[clang] [llvm] [IR] Don't set strictfp on irrelevant calls (PR #122735)
Serge Pavlov via llvm-commits
llvm-commits at lists.llvm.org
Fri Jan 17 07:08:04 PST 2025
spavloff wrote:
Thank you for your retrospective view on `strictfp`. I didn't realize how much it is related to inlining. This use case should be carefully analyzed to refine meaning of the attribute.
> Clearly intrinisics don't get inlined by the Inliner. But what if an intrinsic gets lowered to a call to a real function? Especially if LTO is being used? Will we lose the information that the function now being called needs the strictfp attribute or something similar? Since we don't have a way to mark accessing the FP environment, exactly, then aren't we throwing away information?
Intrinsic function is what compiler knows a priori. It knows its effects and properties, in particular how it interacts with FP environment. If it is implemented as a call to real function (with a body) there are no problem, - an external function call has side effect and it may do anything, including access to FP environment.

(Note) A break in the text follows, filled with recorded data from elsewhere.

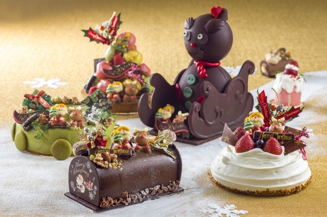 「クリスマスストーリー」をテーマに、カラフルなプチシュークリームをツリーに見立てて積み上げた「ビニョラータ」や、和の味わいの「クリスマスリース」のほか、チョコレートで作った「ブラックスノーマン」など、パティシエの遊び心あふれる全5種類が揃いました 。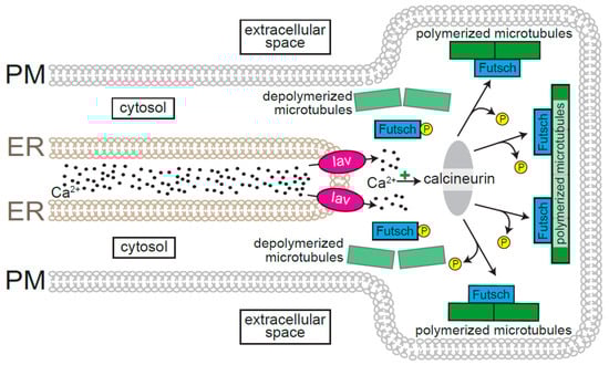 As mentioned at the end of the previous section, the relationship between the structures of neurons and the underlying ER is inherently bidirectional. While neuronal architecture imposes specific constraints on ER morphology, ER Ca2+ release and the channels involved therein influence the structure of neurons. Analyses of invertebrate synapses have revealed several aspects of the interplay between Ca2+ and neuronal structure and function. Since the sites of neurotransmitter release are located within clearly identifiable presynaptic boutons at Drosophila neuromuscular junctions (NMJ) [26,27,28], determinants of bouton morphology and number at these synapses have been matters of intense study. The stereotypical arborization of axon termini at Drosophila NMJs is strongly influenced by the stability of presynaptic microtubules, which depends on the microtubule binding protein 1b (MAP1b) homolog, Futsch (Figure 1) [29,30,31]. Futsch–microtubule association promotes microtubule stability, whereas diminished interaction with Futsch results in microtubule depolymerization and stereotypical alterations in NMJ morphology—larger but fewer boutons [23,29,30,31]. As is the case for many microtubule binding proteins, Futsch–microtubule association is inversely correlated with Futsch phosphorylation [32]. Ca2+ release via the ER-resident transient receptor potential vanilloid (TRPV) channel, Inactive (Iav) [33,34], leads to activation of the Ca2+-dependent phosphatase, calcineurin (Figure 1) [23]. Once activated, calcineurin mediates Futsch dephosphorylation, increased microtubule stability, and normal bouton morphology [23]. Decreased abundance of Iav and Drosophila homologs of the ER channels, inositol triphosphate receptors (IP3Rs), and ryanodine receptors (RyRs), results in diminished calcineurin activity, loss of presynaptic microtubules, and attendant alterations in bouton number and morphology [23]. The observation that activities of Iav, IP3R, and RyR are required for regulation of presynaptic morphology points to functional interactions between these channels in the regulation of ER Ca2+ release and synapse development.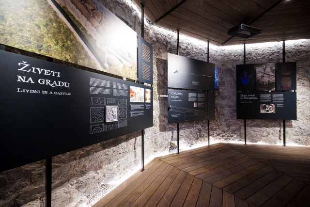 Večino vsebin predstavlja panojska razstava o zgodovini gradu in območja od 30.000 pr. n. št. do danes. Grad je sicer tudi pomembno arheološko najdišče z najdbami od prazgodovine naprej, kakor je dejal arheolog Tolminskega muzeja Miha Mlinar, je edino obdobje, ki se v najdbah še ni pokazalo, zgodnji srednji vek.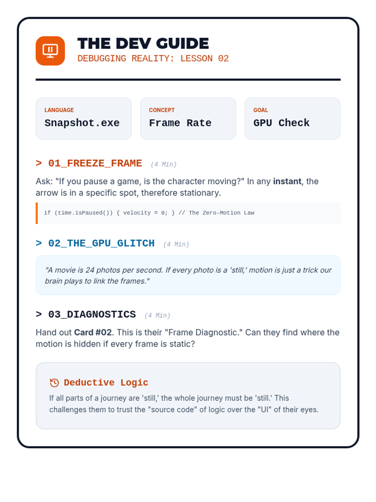 A series of four 10-15 minute logic lessons for middle school students, focusing on Zeno's paradoxes and the 'Paradox Player' thinking style. Students will learn to break ideas into tiny steps, push logic to extremes, and identify contradictions through 'Paradox Breaker' activities.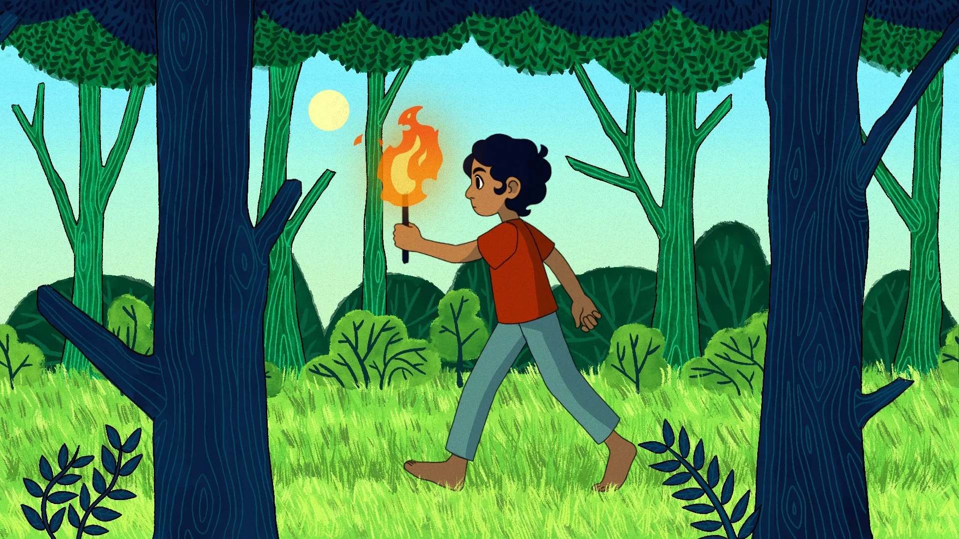 The theme of Love in Adversity brought to mind the journey of the soul. The love it possesses is a powerful force that drives the soul toward its Creator. I have made an animation of a figure travelling through a forest, and as they forge on and night falls, the fire of the love they hold burns brighter.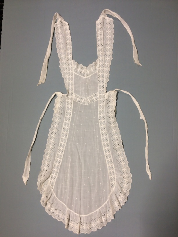 Schortje met bovenstuk van wit katoen en machinaal broderie, katoen batist met noppen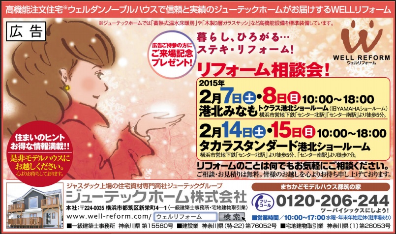 【広告掲載しました!!】 広報よこはま 都筑区版 2月号 WELLリフォームの広告を掲載しました!!

But if that body is inlined, things get more complicated.
- If the caller is strictfp but the callee implementation is not, the inlined body is transformed into strictfp form by replacing FP operations with their constrained variants.
- If the caller is not `strictfp` but the callee is, inlining should not take place (see the file lvm/test/Transforms/Inline/inline-strictfp.ll, test inlined_05).
- If both caller and callee are `strictfp` or both are not, this is a trivial case.
In all cases inlining does not create invalid constructs and additional information is not needed.
> Is it still possible to write a check in the Verifier to catch any places where the strictfp attribute, or some equivalent, is missing?
I think we need first to refine meaning of `strictfp`. Maybe this attribute can be used for function body only, and for call site `MemoryEffets.doesAccessesInaccessibleMem()` would be enough?